We will talk about the different architecture of Granada, the colonial which is the way the Spanish built their houses when they settled in and made Granada a city; adobe walls (clay, straw and egg whites), wooden pillars, burnt red tiles on the roofs, classy corridors with a central garden and a fountain that opens up to the sky, and humongous doors for the entry of horses which help us to remember that we didn't always have gas run cars to get from one point to the other. Granada in its days was a very important city being the other important city Leon. You can take a carriage ride if you like; the horses have been there since the colonization era to get around and only the predominant figures where able to own one.
Granada was sacked on numerous times by pirates, suffered from civil wars and burned down by William Walker a filibuster, today it is rich of history and beautiful Spanish architecture. Although the original architecture has been altered into more of a neo classical and baroque influence, Granada still contains the characteristic quality of the 1800s, with beautiful churches, coble stone streets and great international food.
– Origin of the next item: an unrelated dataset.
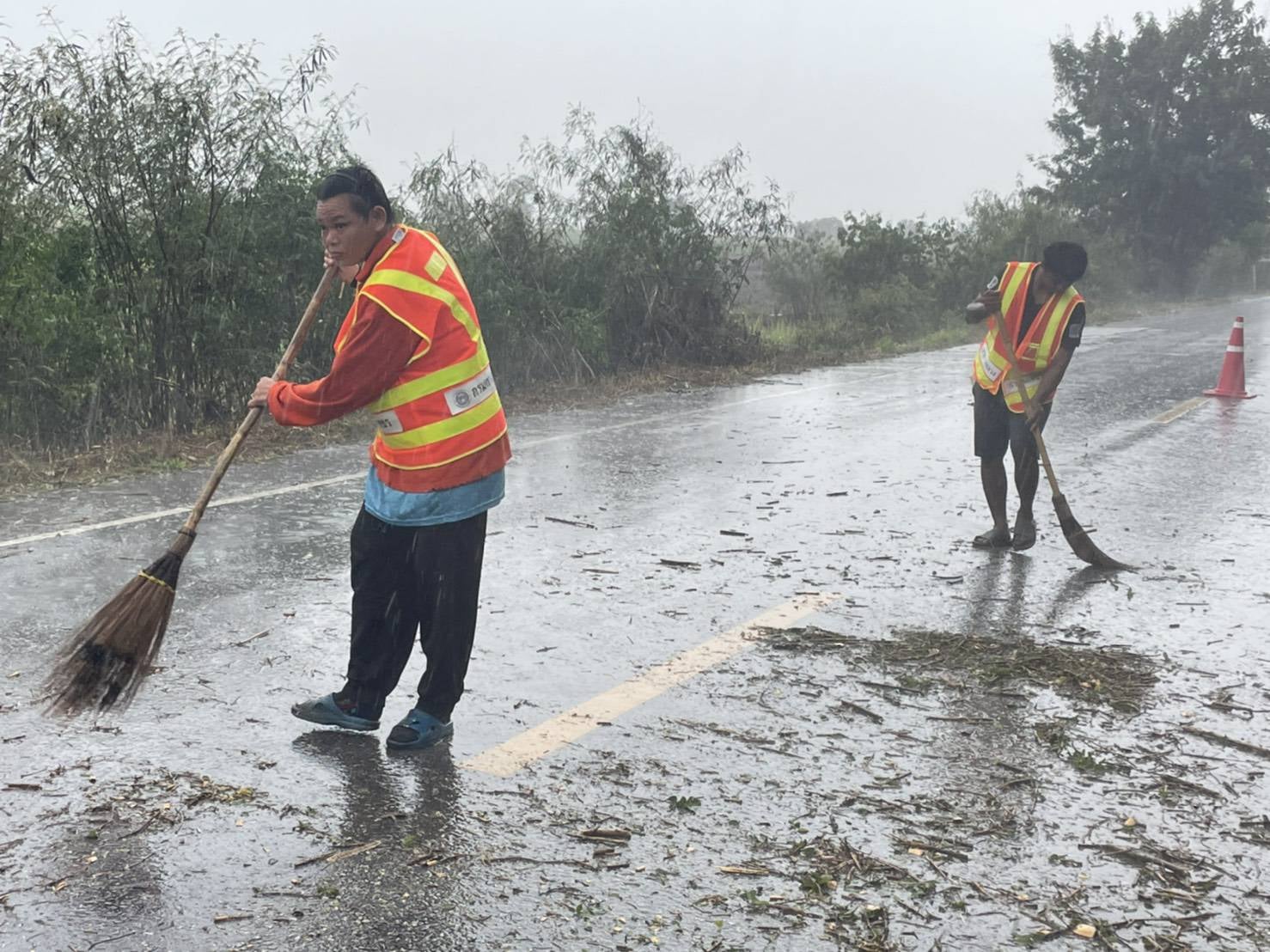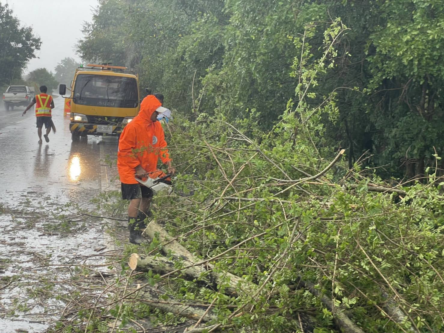 พบเหตุไฟไหม้ข้างทาง ต้นไม้หักโค่น ไฟฟ้าดับ ผิวทางชำรุด

On this day we will visit Fort la Polvora, a small gun powder fort that was built in the 1700s to protect its city from pirate attacks, wonder around beholding the many churches, the central park, the Cathedral, plaza of independence, San Francisco Convent museum and later take a ride on a boat that will lead us through some of the 365 small islands of volcanic origin in which the near by volcano Mombacho erupted no less then a million years ago and now are summer homes to a lot of wealthy people and humble fisher men.